The Riverside Community College District Police Department held a town hall meeting May 12, which featured discussions between police chiefs, school administrators and student representatives.

The “21st Century Policing Town Hall” webinar focused on discussing the implementation of contemporary law enforcement practices in the wake of national events involving police brutality. The practices themselves come from former President Barack Obama’s Presidential Task Force on policing in the 21st century.

The task force, established in 2015, identified six pillars of policing that address a community’s needs: building trust and legitimacy, policy and oversight, technology and social media, community policing and crime reduction, training, education and officer wellness and safety.

Sigrid Williams, a Norco College instructor and Administration of Justice adviser, spoke about the college’s newly created Racial Justice Task Force and the importance of building trust with law enforcement.

“Our group is working and meeting to develop a comprehensive strategy to ensure that racism is not part of our school’s culture and (to) also include anti-racism statements in our school’s mission statements,” she said.

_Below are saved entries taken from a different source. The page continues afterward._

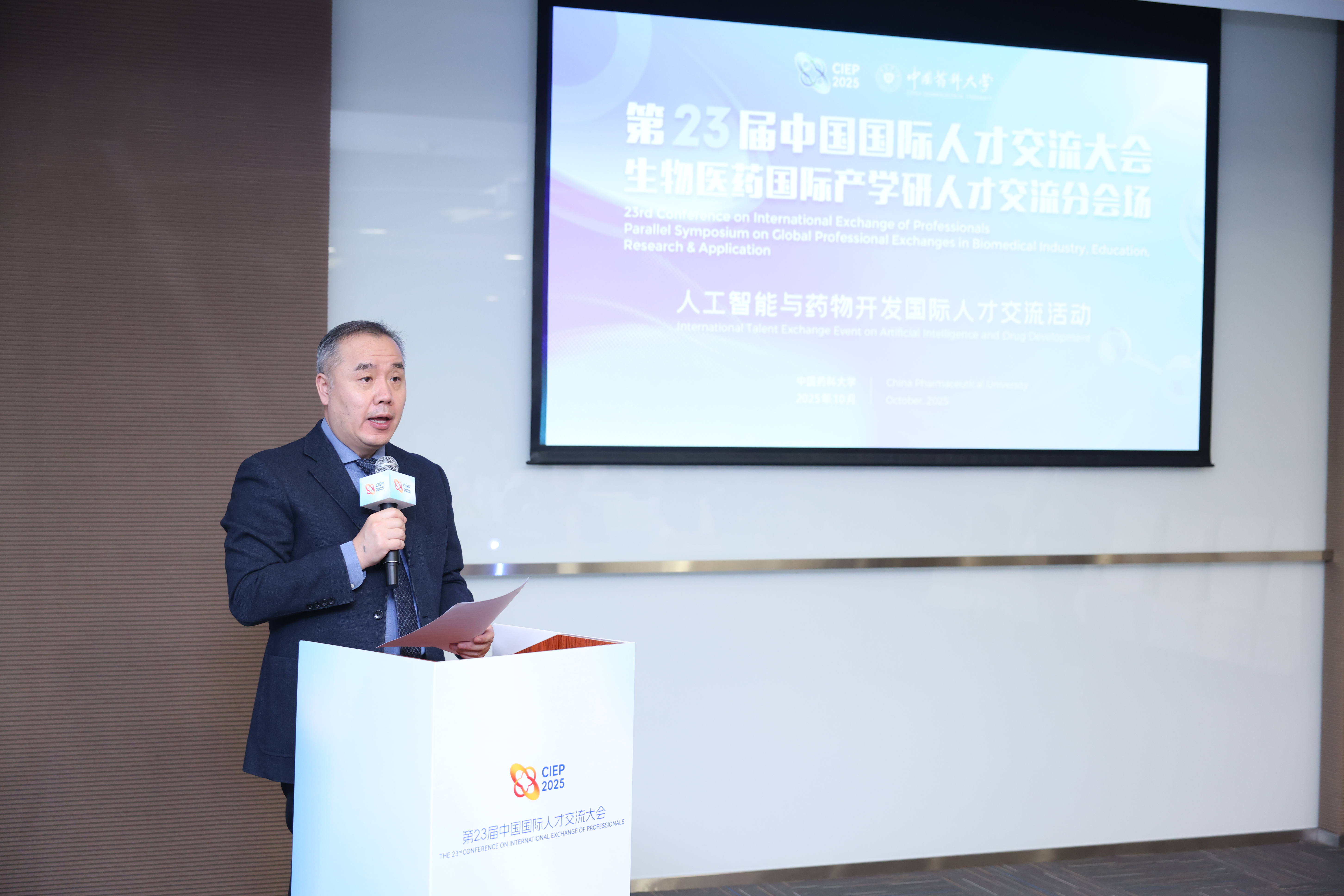 在我校承办的“生物医药国际产学研人才交流分会场”中,美国科学院院士NapoleoneFerrara等来自15个国家的42位顶尖外籍专家以及60余位国内院校专家学者和企业代表参加活动。丁锦希在开幕式致辞中指出,作为“中国生物医药人才摇篮”,学校高度重视引智引才工作,积极构建开放包容的创新生态,热忱欢迎海外专家学者走进我校,汇聚全球智慧推动医药科技跨越式发展。分会场设“人工智能与药物开发”“人兽共患病诊断试剂及疫苗研发”“天然产物健康品”三大论坛,与会专家就相关研究作交流。同时设置人才政策宣讲、企业项目路演环节,着力打造引智引才“强磁场”。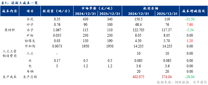 2025年同比2024年,广州市混凝土生产成本较大幅下降,在不考虑车损、人工以及水电变量的情况下,平均每方C30混凝土生产成本下跌28.04元。百年建筑网统计2025年广州C30非泵市场成本均价为374.04元/方,年同比下跌6.97%;从生产成本端来看,水泥降幅最大,主要由于目前广州水泥市场属于输入型,广东本地、广西、北方、湖南等地均流通于珠三角市场,由于近几年市场需求严重萎缩,企业间及贸易商间竞争越发激烈,导致市场高价难有支撑,价格持续回落趋势,而其余建材则震荡运行为主。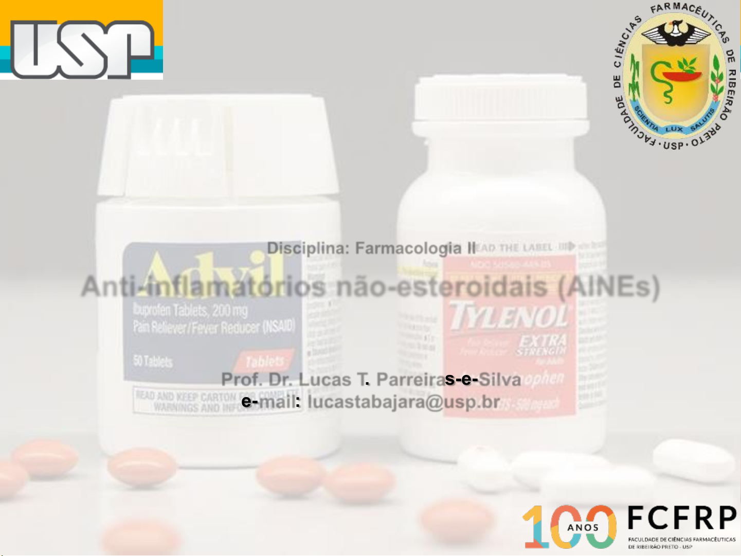 Anti-inflamatórios não-esteroidais (AINEs) Prof. Dr. Lucas T. Parreiras-e-Silva e-mail: lucastabajara@usp.br Setembro/2024 UNIVERSIDADE DE SÃO PAULO Faculdade de Ciências Farmacêuticas de Ribeirão Preto Departamento de Ciências BioMoleculares Laboratório de Farmacologia Molecular de GPCRs Bloco S – 3º andar – sala 086A Disciplina: Farmacologia II Anti-inflamatórios O que é inflamação? Inflamação: resposta ativa do organismo, que envolve componentes celulares e vasculares, visando eliminar ou neutralizar estímulos lesivos de maneira a devolver a homeostasia à área afetada. 3 ESTÍMULO LESIVO RESPOSTA INFLAMATÓRIA Agentes infecciosos Substâncias irritantesAgentes físicos Lesão térmica Isquemia 4 ESTÍMULO LESIVO RESPOSTA INFLAMATÓRIA Mediadores Agentes infecciosos Substâncias irritantesAgentes físicos Lesão térmica Isquemia Componentes dinâmicos da inflamação • Vasodilatação • Permeabilidade vascular • Migração celular Normal Inflamado Componentes dinâmicos da inflamação Aumento do fluxo sanguíneo local Marginalização de leucócitos • Histamina • Bradicinina • Prostaglandina • Óxido Nítrico Aumento de permeabilidade vascular: edema Retração das junções endoteliais: Venular Saída de proteínas para espaço extravascular, e consequente saida de líquido e células 8 • Aminas vasoativas • Bradicinina • Leucotrienos C4, D4, E4 • PAF Manifestações clínicas da inflamação 9 Inflamação Crônica (Artrite reumatóide) Inflamação Crônica (Artrite reumatóide) Antirreumáticos (Modificadores da doença) Antirreumáticos (Modificadores da doença) Anticitocinas e outros Pâncreas (Inibe liberação de Insulina) Músculo (Reduz a captação de aa e aumenta a proteólise) Fígado (Reduz a captação de glicose e aumenta gliconeogênese) Ossos (Reduz a formação de ossos) Tecido adiposo (Promove a quebra de gordura) Cortisol Sistema imune (Inibe o sistema; citocinas e PLA-2) betametasona Cortisol Anti-inflamatórios Esteroidais Tratamento da Gota Febuxostat Probenecida Lesinurad Antiinflamatórios não-esteroidais (AINEs) Mercado de $15 – 20 bilhões anuais Fármacos que possuem a capacidade de suprimir os sinais e sintomas da inflamação. Alguns destes fármacos além de possuírem efeitos anti-inflamatórios apresentam efeitos antipiréticos e analgésicos. Anti-inflamatórios Não-Esteroidais (AINEs; NSAIDs) • Efeito anti-inflamatório – modifica a reação inflamatória • Efeito analgésico – redução de certos tipos de dor • Efeito antipirético – diminui a resposta febril Ação primária – Inibição da COX Anti-inflamatórios Não-Esteroidais Prostaglandinas Histamina Bradicinina Óxido Nítrico AUMENTO DA PERMEABILIDADE VENULAR Aminas vasoativas C3a e C5a Bradicinina Leucotrienos C4, D4, E4 PAF QUIMIOTAXIA ATIVAÇÃO DE LEUCÓCITOS C5a Leucotrieno B4 Citocinas Mediadores da Inflamação 19 VASOLADILATAÇÃO VASOLADILATAÇÃO Prostaglandinas Histamina Bradicinina Óxido Nítrico AUMENTO DA PERMEABILIDADE VENULAR Aminas vasoativas C3a e C5a Bradicinina Leucotrienos C4, D4, E4 PAF QUIMIOTAXIA ATIVAÇÃO DE LEUCÓCITOS C5a Leucotrieno B4 Citocinas 20 Mediadores da Inflamação Quem são os Eicosanóides? • Família de substâncias endógenas que contém ácidos graxos insaturados, oxigenados com 20 átomos de carbono. • Derivados do ácido aracdônico liberados das membranas celulares pela ação, principalmente, da fosfolipase A2. Ex: prostaglandinas, tromboxanos e leucotrienos. Eicosanóides Síntese de Eicosanódes Síntese de Eicosanódes CysLT1 – montelucaste (Singulair®) COX está ancorada à membrana do RE e do núcleo COX não atravessa a membrana!! Características das cicloxigenases Isoformas COX-1 e COX-2 • Homologia de sequencia de 60% e estruturas tridimensionais quase superpostas. • Genes localizados em cromossomos diferentes. • Catalisam a mesma reação. • Diferem quanto ao perfil celular, genético, fisiológico, patológico e farmacológico. Características das cicloxigenases Localização das cicloxigenases • COX-1: - expressa em vários tecidos constitutivamente, principalmente epitélio gástrico e plaquetas. • COX-2: - expressão é induzida por citocinas, estresse de cisalhamento, fatores de crescimento e tumores. - expressão constitutiva geralmente baixa (SNC), apresenta funções fisiológicas em alguns tecidos (rins, endotélio e articulações). Ciclooxigenase: inserção do oxigênio molecular no C11 e no C15 do ácido araquidônico PGG2 Peroxidase: reduz o grupamento 15-hidroperoxi a 15- hidroxi PGH2 Biossíntese das Prostaglandinas Dupla ação da enzima ciclooxigenase Prostaglandina G2 (PGG2) Prostaglandina H2 (PGH2) Reação da COX Qual o cofator necessário para aceitar o oxigênio na segunda etapa (peroxidação)? Chandrasekharan & Simmons, Genome Biology, 2004 Prostaglandina G2 (PGG2) Prostaglandina H2 (PGH2) Prostaglandina H2 (PGH2) Prostaglandina D2 Prostaglandina E2 Prostaglandina F2α Prostaglandina I2 (Prostaciclina) Tromboxano A2 Cicloxigenase Prostaglandinas e TxA2 Sinalização de Prostaglandinas (receptores prostanóides) Sinalização de Prostaglandinas Vasodilatação Vasoconstrição Inibe agregação plaquetária promove agregação plaquetária Proteção gástrica ↑ quimiotaxiaTemperatura Contr musc liso (Parto) Cytotec® (misoprostol) ↓ quimiotaxia Inflamação Sensibilização (Dor) Contr musc liso (Parto) Cervidil® (dinoprostona) Inflamação Dor térmica Receptores prostanóides com alvos para fármacos Latanoprost e Bimatoprost (FP receptors): glaucoma; Epoprostenol e Iloprost (IP receptor): hipertensão arterial pulmonar (HAP). Age como vasodilatador e inibe agregação plaquetária. Doença arterial periférica, melhorando a microcirculação. Funções fisiológicas das prostaglandinas COX-1 COX-2 Efeitos inflamatórios das Prostaglandinas COX-2 Estudos independentes e simultâneos: - SIMMONS, 1991 e HERSCHMAN, 1991 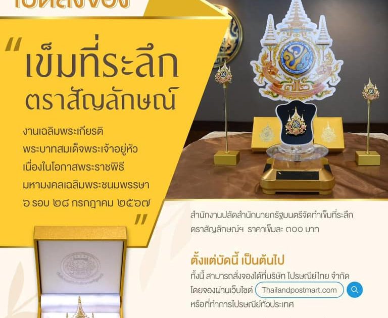 ไปรษณีย์ไทย เปิดสั่งจองเข็มที่ระลึกตราสัญลักษณ์งานเฉลิมพระเกียรติพระบาทสมเด็จพระเจ้าอยู่หัว เนื่องในโอกาสพระราชพิธีมหามงคลเฉลิมพระชนมพรรษา ๖ รอบ ๒๘ กรกฎาคม ๒๕๖๗

Williams, who is also a retired Los Angeles County Sheriff’s deputy, emphasized the importance of discussions between law enforcement officials and their communities through different events, not just town halls.

“One of the things I did, along with my colleagues, was (write) a letter of support to our criminal justice students last spring, acknowledging our anger over the George Floyd incident,” she said.

The letter also acknowledged that a majority of law enforcement are good officers, Williams added.

Tamara Coleman, a Riverside City College student and UMOJA representative, explained how defunding does not mean abolishing the police.

Coleman stated the intent is to have police presence remain when needed but that services from counselors should also be available depending on the nature of the situation.

“If someone is having a mental health issue, you have to step away from being a police officer — take the opportunity to see what’s really going on with the individual,” she said.

Melissa Matuszack, an RCC Administration of Justice instructor, expressed her concerns as someone who has experience working as a crisis counselor.

Matuszack argued that the police’s goal is not to provide counseling but instead interrupt a considerable issue and refer those involved to another service.

“Their crisis intervention is short-term,” she said about officers. “Even if you spend this money and have these officers trying to do it, they are not mental health providers.”

Matuszack went on to say mental health services need to first be created in communities before any money is taken from police officer training. She explained how the lack of counselors and psychologists can also be attributed to the rising costs in tuition.

“It’s very expensive to go to school,” she said. “It’s a minimum of a master’s degree to get your license. The pay is not tracking with how much it costs to get that degree. So they’re choosing other fields.”

The panelists agreed on multiple issues regarding the lack of funding for mental health resources as well as promoting diversity and inclusion in law enforcement facilities.